Combinatorial Nullstellensatz
I came across this fun theorem in a talk about tree colorings:
Combinatorial Nullstellensatz. Let \(f \in F[x_1, x_2, \ldots, x_n]\) be a polynomial of degree \(t_1 + \cdots + t_n\). If \(S_1, S_2, \ldots, S_n\) are nonempty subsets of \(F\) such that \(\left| S_i \right| \geq t_i + 1\) for all \(i\), then there exists \(s_1 \in S_1\), \(s_2 \in S_2\), \(\ldots\), \(s_n \in S_n\) for which \[ f(s_1, s_2, \ldots, s_n) \neq 0 \] as long as the coefficient of \(x_1^{t_1} x_2^{t_2} \cdots x_n^{t_n}\) is nonzero.
I would love to spend more time understanding it. I’ve copied the problems from this pdf and will try and solve them when I can.
Problems
In what follows, \(p\) will denote an odd prime.

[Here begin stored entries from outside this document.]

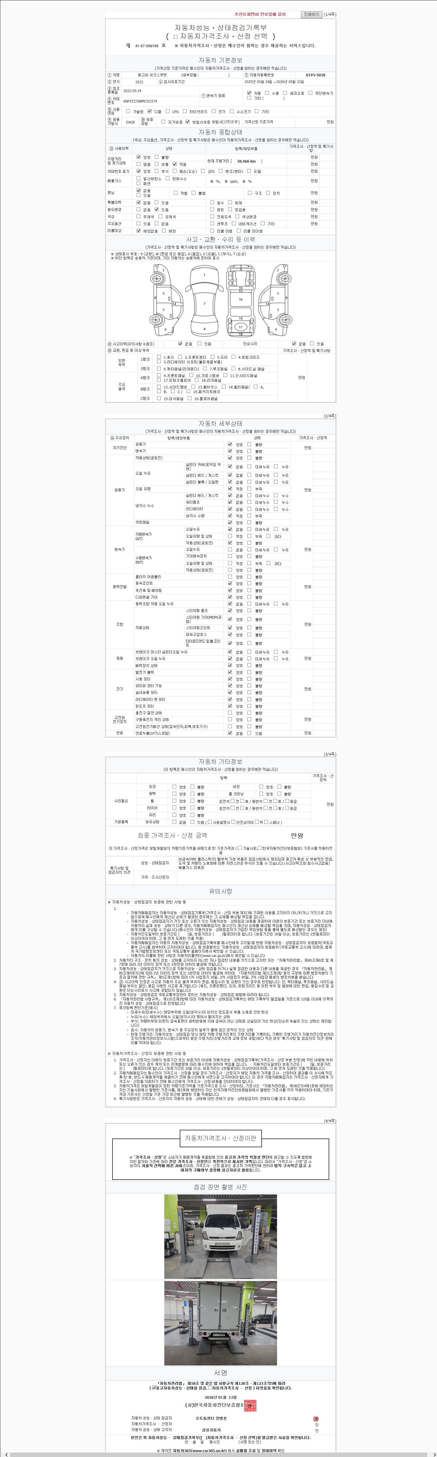 | 주행거리 | 38,466 km | 차량번호 | 819누5030 | 사고유무 | 성능기록부 참조 | 제시번호 | 제 2147483647 호 |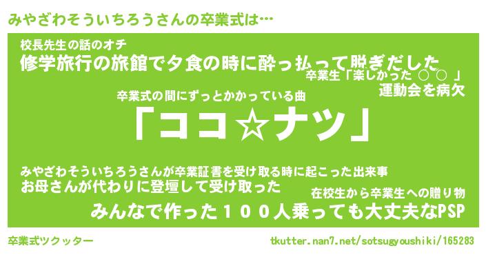 | 胡散臭い通販商品みたいなあだ名 | 『モテモテ間違いなし霊験あらたかなお札…その名も「みやざわそういちろう」』 |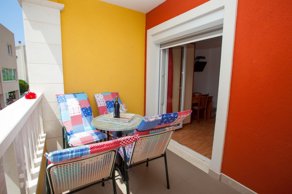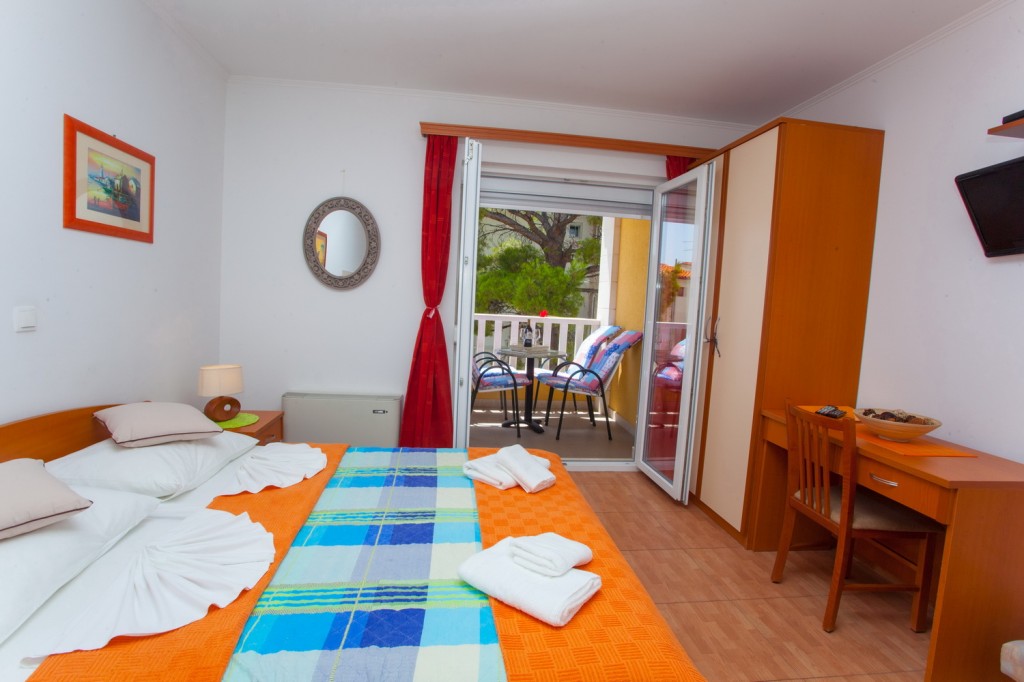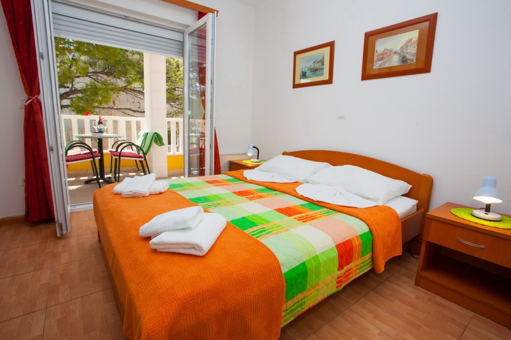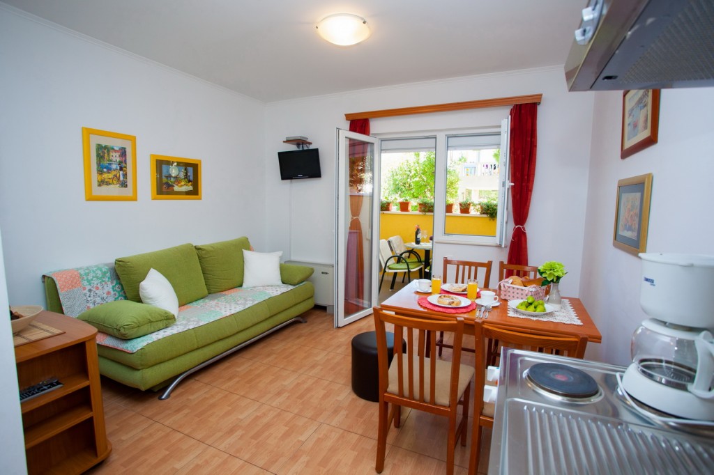 Studio apartman broj 5 nalazi se na prvom katu objekta. Sastoji se od jedne prostorije u kojoj se nalazi mini kuhinja, stol, stolicama, bračni krevet za dvije osobe, WC s tušem i balkon okrenut prema prednjoj strani objekta. Čišćenje se obavlja svakodnevno, ručnici se mijenjaju dva puta tjedno,...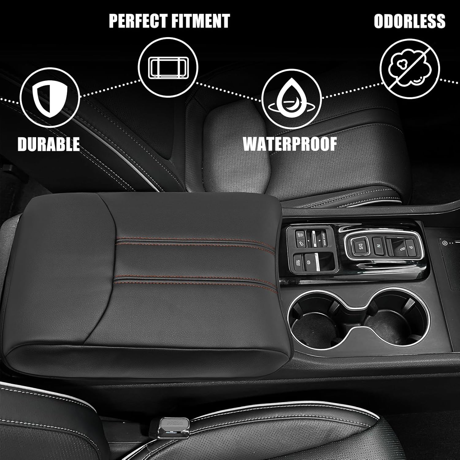 Muslogy Center Console Cover Compatible with Honda Pilot 2023 2024 2025, 2024-2026 Ridgeline/Passport Accessories Armrest Pad Lid Cushion Console Protector Vegan Leather Extra Soft(Black/Orange Trim)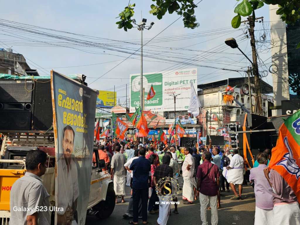 തിരഞ്ഞെടുപ്പ് പ്രചരണം അതിൻറെ അവസാന ലാപ്പിലേക്ക് കടക്കുമ്പോൾ പാലായിൽ തരംഗമായി ഒറ്റ പേര് മാത്രം ഷോൺ ജോർജ് ! ഒറ്റ ചിഹ്നം മാത്രം താമര !. പരസ്യ പ്രചരണത്തിൻ്റെ അവേശകരമായ പരിസമാപ്തി ഇന്ന് പാലാ കുരിശുപള്ളി കവലയിൽ.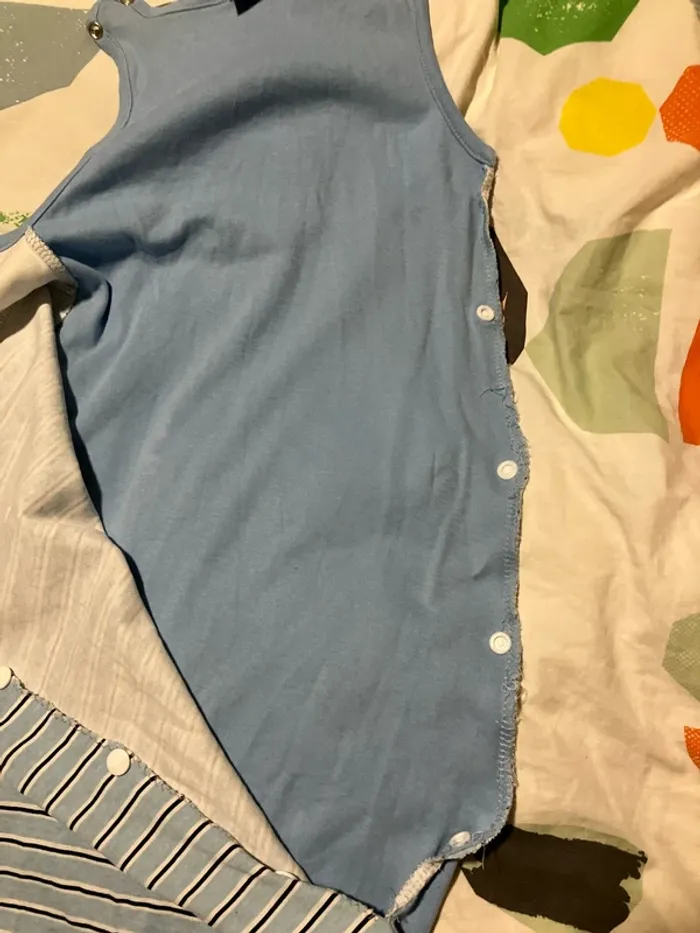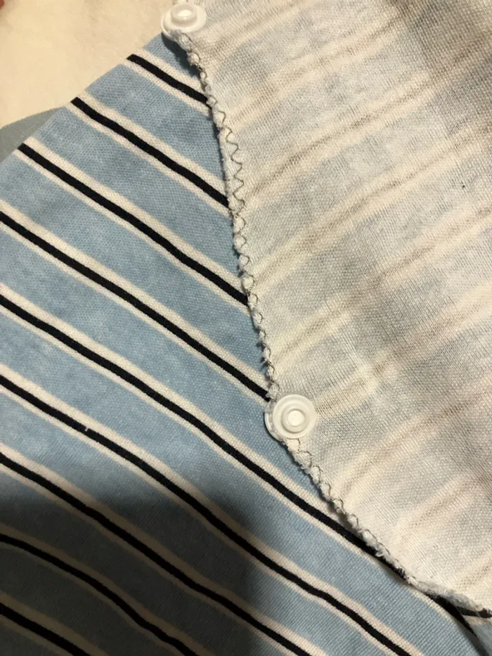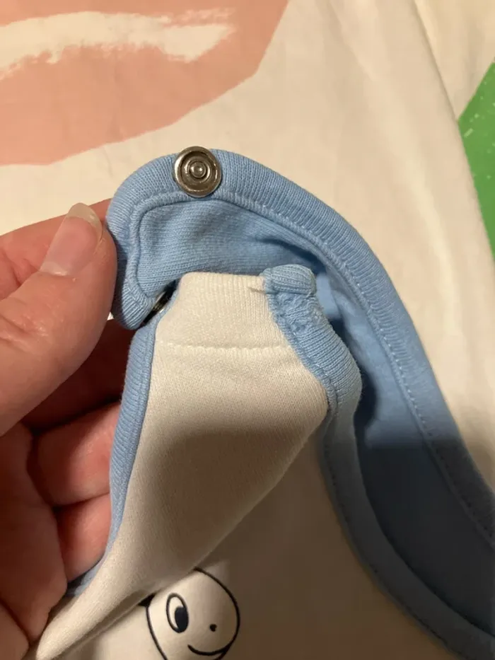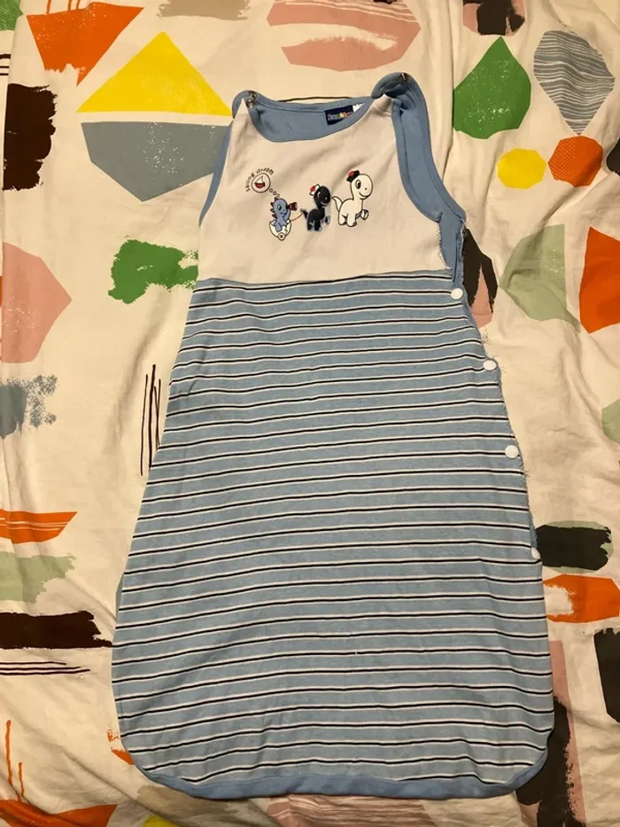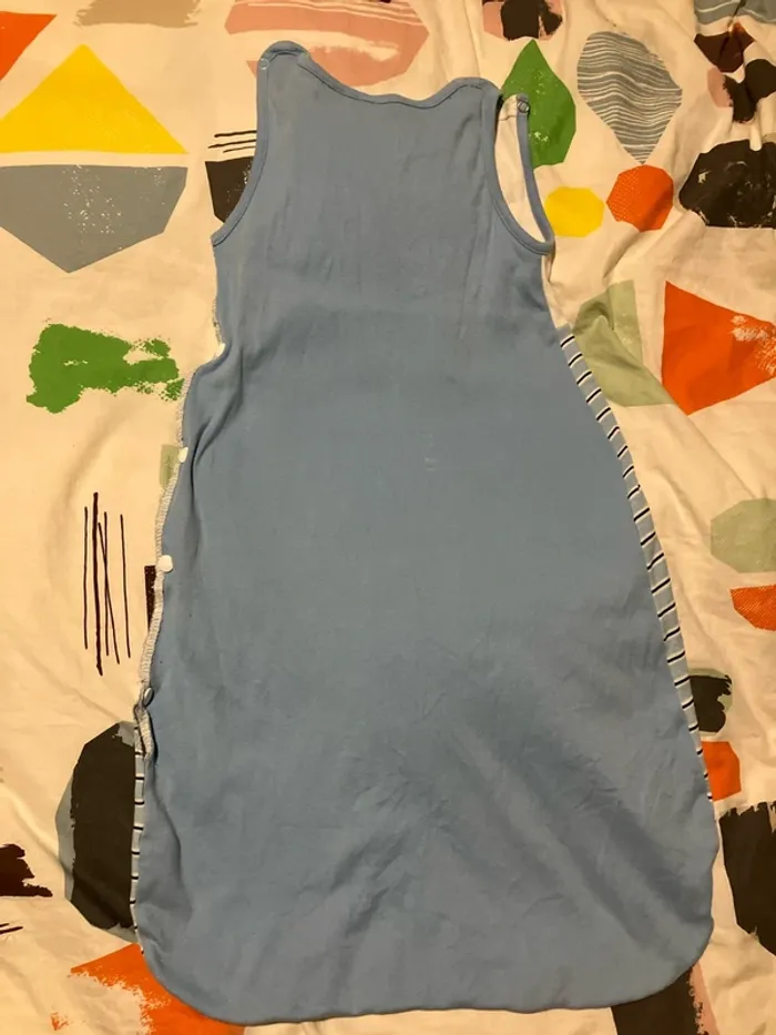 Gigoteuse légère en taille 6-12 mois J’ai découpé et surfilé le côté et mis des boutons pressions pour pouvoir plus facilement installer bébé. (Voir photos) Il manque un bouton pression en haut (voir photo) mais ne gêne pas pour fermer la gigoteuse
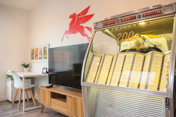ᗌᗌᗌ King bed, A/C, Jukebox, Fresh & new 1br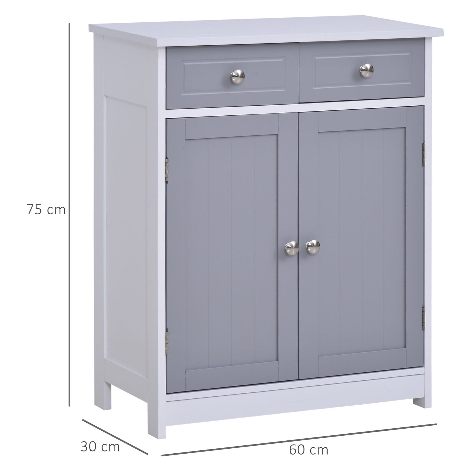 75x60cm Freestanding Bathroom Storage Cabinet Unit w/ 2 Drawers Cupboard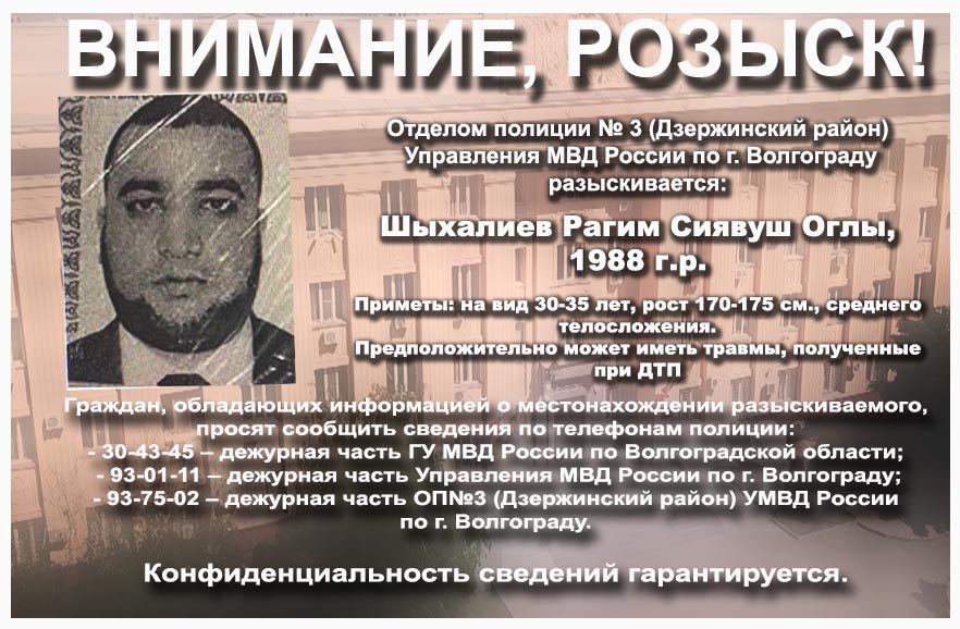 По информации от ГУ МВД России по Волгоградской области, 35-летний Шыхалиев Рагим Сиявуш Оглы сбежал после произошедшего ДТП ночью 30 сентября. Водитель находился за рулем автомобиля “Мерседес Бенц” и столкнулся с автомашиной “Кайви” на пересечении улицы Продольной и улицы Р.Корсакова. В результате аварии погибли водитель и его пассажир-ровесник.

Russia MO 2007/5: Two distinct numbers are written on each vertex of a convex 100-gon. Prove one can remove a number from each vertex so that the remaining numbers on any two adjacent vertices differ.
IMO 2007/6: Let \(n\) be a positive integer. Consider \[ S = \{(x, y, z) \mid x, y, z \in \{0, 1, \ldots, n\}, (x, y, z) \neq (0, 0, 0)\} \] as a set of \((n + 1)^3 - 1\) points in the three-dimensional space. Determine the smallest possible number of planes, the union of which contains \(S\) but does not include \((0, 0, 0)\).
Cauchy-Davenport: If \(A\) and \(B\) are subsets of \(\mathbb{Z}_p\), then \[ |A + B| \geq \min(p, |A| + |B| - 1). \]
Erdős-Heilbronn Conjecture: Let \(A\) be a subset of \(\mathbb{Z}_p\). Then \[ |\{x + y \mid x, y \in A, x \neq y\}| \geq \min(p, 2|A| - 3). \]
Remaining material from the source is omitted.